If your parents are (‘AA’, ‘AA’), (‘AA’, ‘Aa’), or (‘AA, ‘aa’), you have a 100% chance of getting an allele. If your parents are (‘Aa’, ‘Aa’), you have a 75% chance of getting an allele. If your parents are (‘Aa’, ‘aa’), you have a 50% chance of getting an allele.

The core of my code looks like this:

        for x in range(trial_size):
            parents = random.choice(possible_pairs)
            if parents in (('AA', 'AA'), ('AA', 'Aa'), ('AA', 'aa')):
                count += 1
            if parents == ('Aa', 'Aa'):
                count += .75
            if parents == ('Aa', 'aa'):
                count += .50
        return str(round((count/trial_size), 3))

The full code is here.

Python concepts

This is the first time during Project Rosalind that I’ve used the random library. I used the choice(seq) method.

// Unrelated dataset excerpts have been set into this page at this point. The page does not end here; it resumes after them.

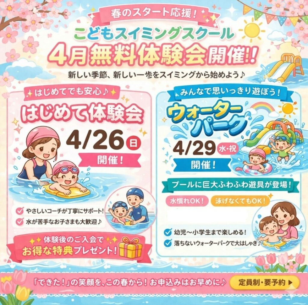 ※4月26日(日)はじめて体験会参加者当日入会となっております。
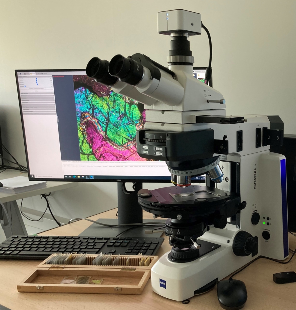 Poste de pétrographie microscopique : microscope pétrographique binoculaire Zeiss Axioscope 5 pour observations pétrographiques et minéralogiques des échantillons de roches. Instrument équipé de caméra numérique, compensateur de Berek, lentille de Bertrand, condensateurs optiques, polarisateurs permettent les observations épiscopiques et diascopiques de lames minces.
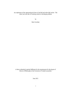 Crowther, Matthew (2021) An exploration of the epistemological basis of red ball and white ball cricket - The what, how and why of coaching cricket to developing athletes. Doctoral thesis, University of Central Lancashire.

There is a whole rich history of the quest for randomness in mathmatics. Specifically, I enjoyed reading about the Hot Lotto fraud scandal, where an official in charge of validating the randomness of the lottery drawing snuck a back door into the software that generated the lottery numbers.

Bioinformatics concepts

I learned about the genotype-phenotype distinction, which was helpful in understanding why the Punnett Squares work the way they do.